### Your assignment
Reproduce exactly the lines below, starting at the line that contains "Os adesivos bonitos" and ending with the last line of the records, both included; leave out any pictures.

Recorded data
- - -

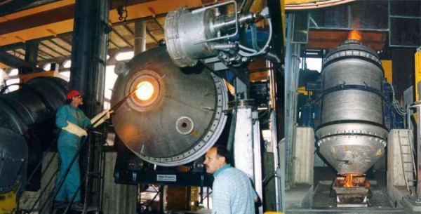 7—3噸純氧燃?xì)饣F爐 8—加料溜槽 9—加料桶 10—5噸梁式吊車
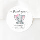 Os adesivos bonitos para o chá de sua menina favorece e corresponde a "Obrigado" escrito em um roteiro de na moda swash e uma aquarela cor rosa pastel de um elefante bebê. Personalize o nome da futura mãe e a data do chá em uma simples tipografia de cinza.
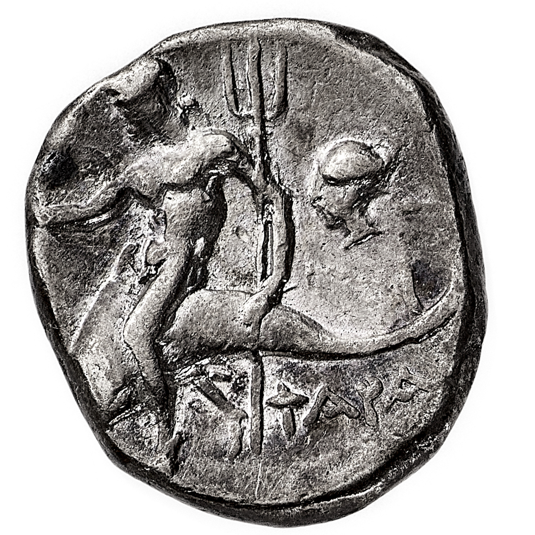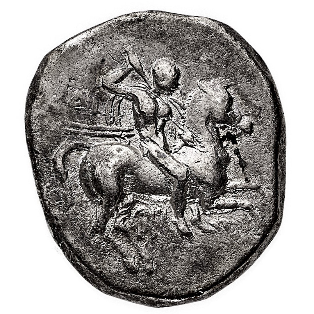 Taranto - Didramma databile al periodo 272-235 a.C. - Diritto: guerriero al galoppo verso destra rivolge verso il basso un giavellotto che brandisce con la mano destra e tiene due lance e uno scudo con la sinistra - Rovescio: Taras, in groppa al delfino verso sinistra, tiene un kantharos con la mano destra e un tridente con la sinistra; nel campo, a destra, una testa di ninfa - gr. 6,31 - Migliore di BB
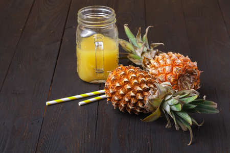 Pineapple juice on a wooden background. A glass jar with juice
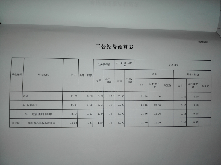 2015年 “三公” 經費預算43.63萬元。其中:因公出國(境)費20萬元,無財政撥款;公務接待費1.57萬元,相比2014年部門決算數下降55%;公務用車維護費22.06萬元,相比2014年部門預算數持平,全年無車輛購置費。
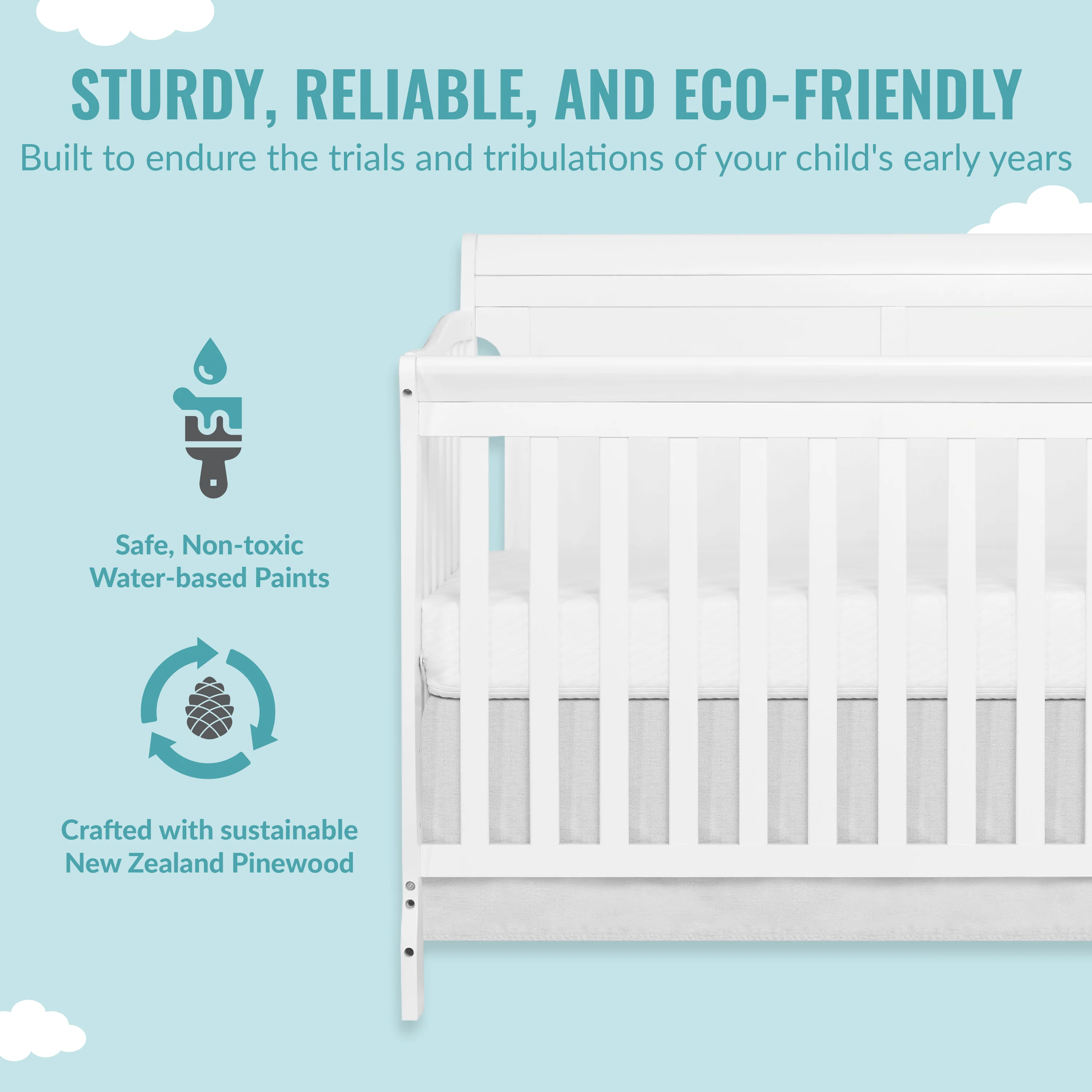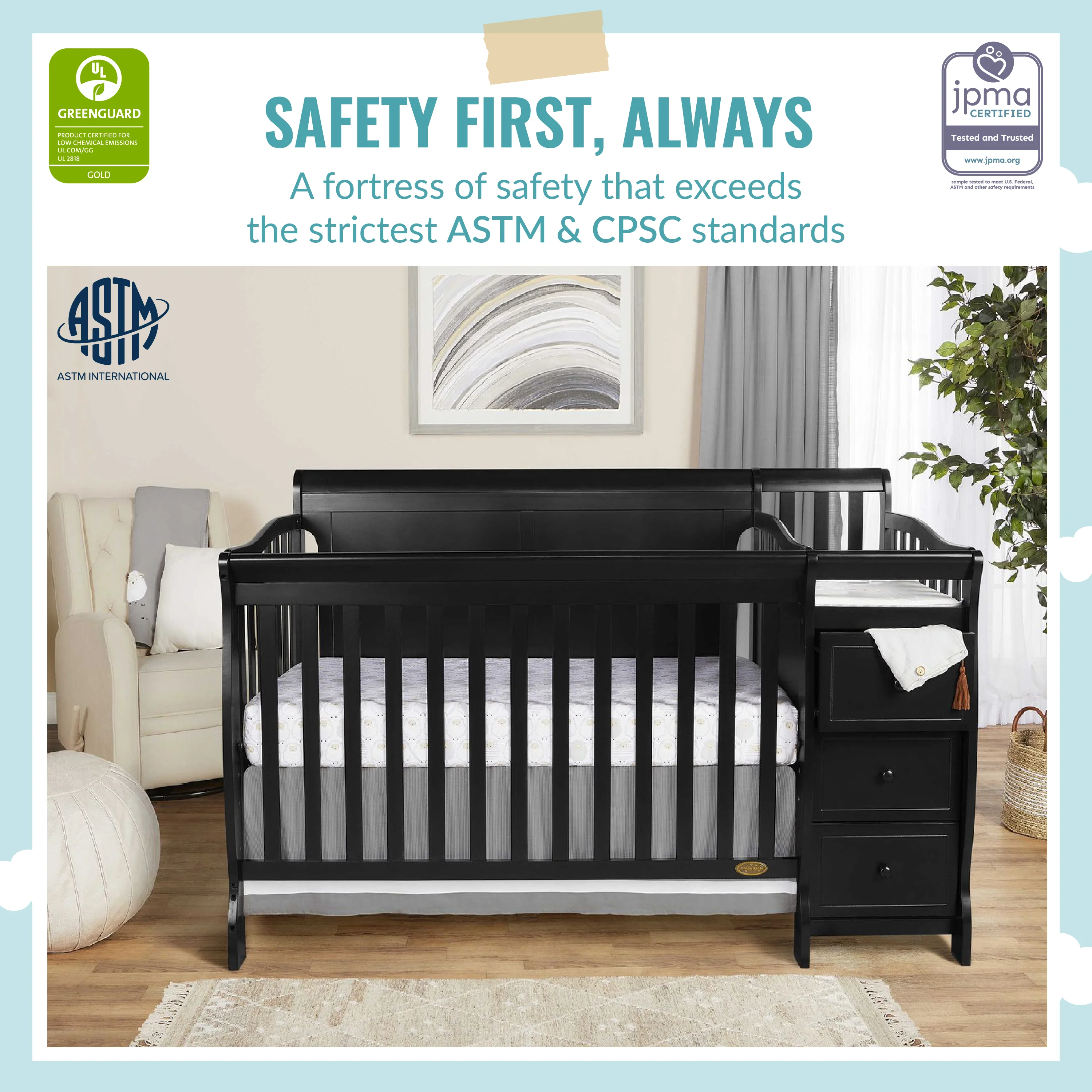 • SAFE AND STURDY: The Brody Full Panel Convertible Crib is JPMA certified, meets/exceeds all ASTM & CPSC standards, and comes with stationary (non-drop side) rails. The detachable changing tray also comes with an easy-release safety bucket.

- - -

### Problem solution
 Os adesivos bonitos para o chá de sua menina favorece e corresponde a "Obrigado" escrito em um roteiro de na moda swash e uma aquarela cor rosa pastel de um elefante bebê. Personalize o nome da futura mãe e a data do chá em uma simples tipografia de cinza.
 Taranto - Didramma databile al periodo 272-235 a.C. - Diritto: guerriero al galoppo verso destra rivolge verso il basso un giavellotto che brandisce con la mano destra e tiene due lance e uno scudo con la sinistra - Rovescio: Taras, in groppa al delfino verso sinistra, tiene un kantharos con la mano destra e un tridente con la sinistra; nel campo, a destra, una testa di ninfa - gr. 6,31 - Migliore di BB
 Pineapple juice on a wooden background. A glass jar with juice
 2015年 “三公” 經費預算43.63萬元。其中:因公出國(境)費20萬元,無財政撥款;公務接待費1.57萬元,相比2014年部門決算數下降55%;公務用車維護費22.06萬元,相比2014年部門預算數持平,全年無車輛購置費。
 • SAFE AND STURDY: The Brody Full Panel Convertible Crib is JPMA certified, meets/exceeds all ASTM & CPSC standards, and comes with stationary (non-drop side) rails. The detachable changing tray also comes with an easy-release safety bucket.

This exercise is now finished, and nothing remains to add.